THE UNITED KINGDOM INFRARED TELESCOPE
ANNUAL REPORT
1995 AND 1996

2. Scientific Results during 1995 and 1996

2.2. Selected Scientific Results

2.2.4. CGS4 and X Ray Binaries

M.J. Coe (Univ. of Southampton)

A Be/X ray binary system consists of a neutron star in orbit around a massive young O or B type star, which itself has orbiting about it a disk of hot gas. The neutron star's orbit is often highly elongated. When its orbit brings the neutron star close to the massive star, material is pulled away from the disk of the O/B star and spirals down onto the neutron star, causing a massive X ray outburst. This ouburst lasts until the distance between the two objects increases and mass transfer ceases.

One Be/X ray binary system, with the distinctly unalluring name A0535+262, was discovered almost two decades ago and, due to its relative brightness and the well known orbital period of the neutron star companion, has been extensively studied at optical wavelengths. The system was not been observed spectroscopically at infrared wavelengths until 1992, when we began a long term monitoring campaign of the source using CGS4 on UKIRT. Results from the period 1992 1995 have just been submitted to MNRAS for publication (Clark et al. 1997).

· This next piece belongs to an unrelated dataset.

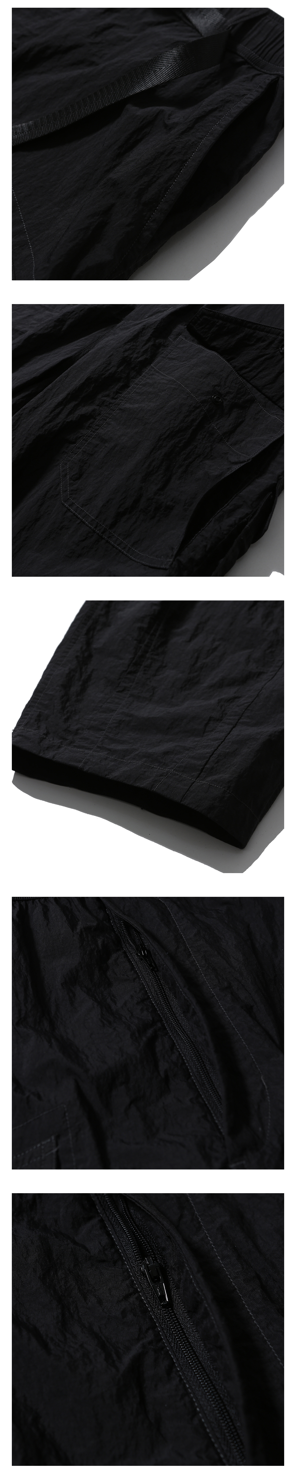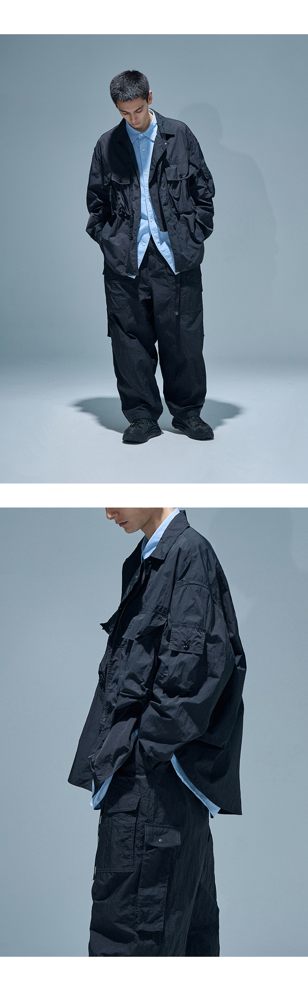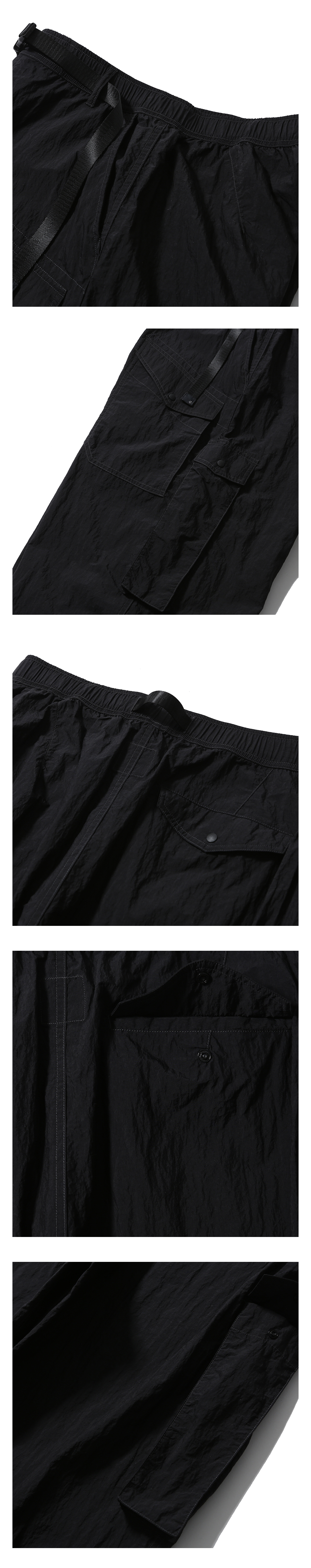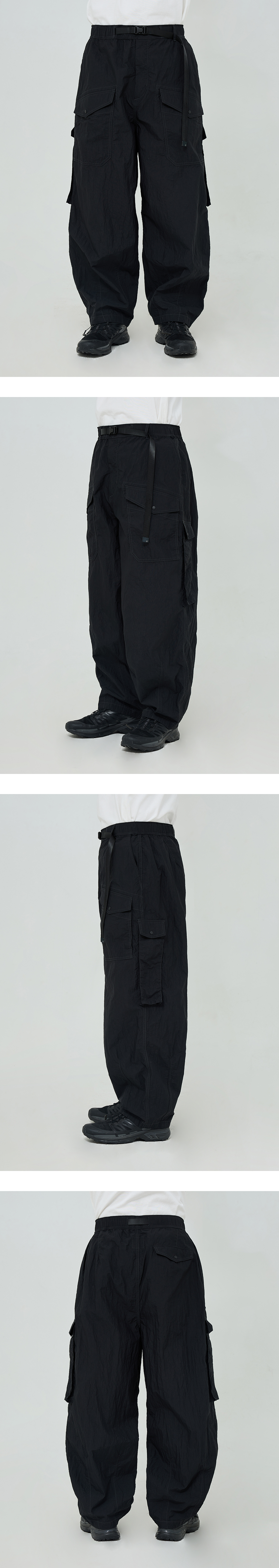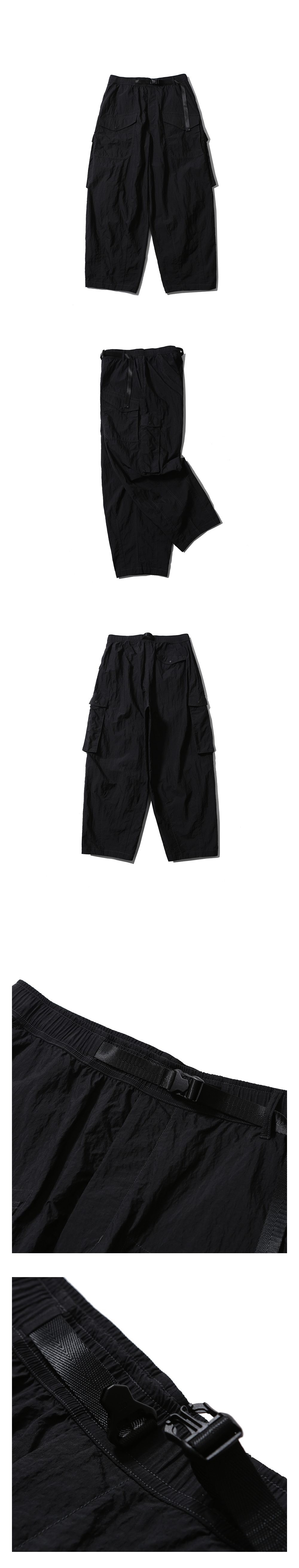 와이드 한 실루엣이 돋보이는 팬츠 · 와이드 한 오버사이즈 실루엣. · 메탈릭 한 표면감의 립스탑 크링클 나일론 원단 사용. · 허벅지와 사이드에 플랩이 달린 스냅 여밈의 패치 포켓 사양. · 신축성 있는 내장형 이밴드와 사이즈 조절이 가능한 허리 벨트 사양. · 밑단 쪽에 다트를 넣어 불륨감 있는 실루엣 연출.

Of particular interest in the spectra of Be/X ray binaries are the emission lines of hydrogen and helium, which arise mainly in the disk of the O/B star. The relative intensities of the lines provides information on the density in the disk and how it varies with radius. The shape of each line reveals the velocities and geometry of the gas that emits it. Since different lines are emitted at different distances from the O/B star, studies of an assortment of lines reveal the the way in which gas is distributed in the vicinity of that star. The infrared lines allow one to look deeper into the disk than do the optical lines, and these are needed to provide a complete kinematic map of the disk. In Figure 5 the clear difference between the H (optical) and Br (infrared) line shapes in A0535+262 is due to the Br emission arising further inside the disk where the gas has a different range of velocities.

Together the optical and infrared spectra can provide a concise picture of the density, velocity, and temperature at different positions in the disk of the O/B star. We are in the process of modelling our spectra of A0535+262 in order to determine the above properties. Furthermore, it can be seen from Figure 6 that spectra obtained at different times show changes in the intensity ratios of some of the lines in A0535+262. These variations reflect changes in the physical conditions of the disk at different times during the orbit. Accurate measurements of these changes, including those at the time when disk material is being pulled away by the neutron star, will allow us to understand more of the details of the process which ultimately results in the spectacular X ray outbursts we see from these objects.

  
Figure 5: H and Br profiles

  
Figure 6: Time resolved spectra

I gratefully acknowledge my collaborators in this work: J.S. Clark (Univ. of Southampton), I.A. Steele (Southampton and Liverpool John Moores University), and P. Roche (University of Sussex).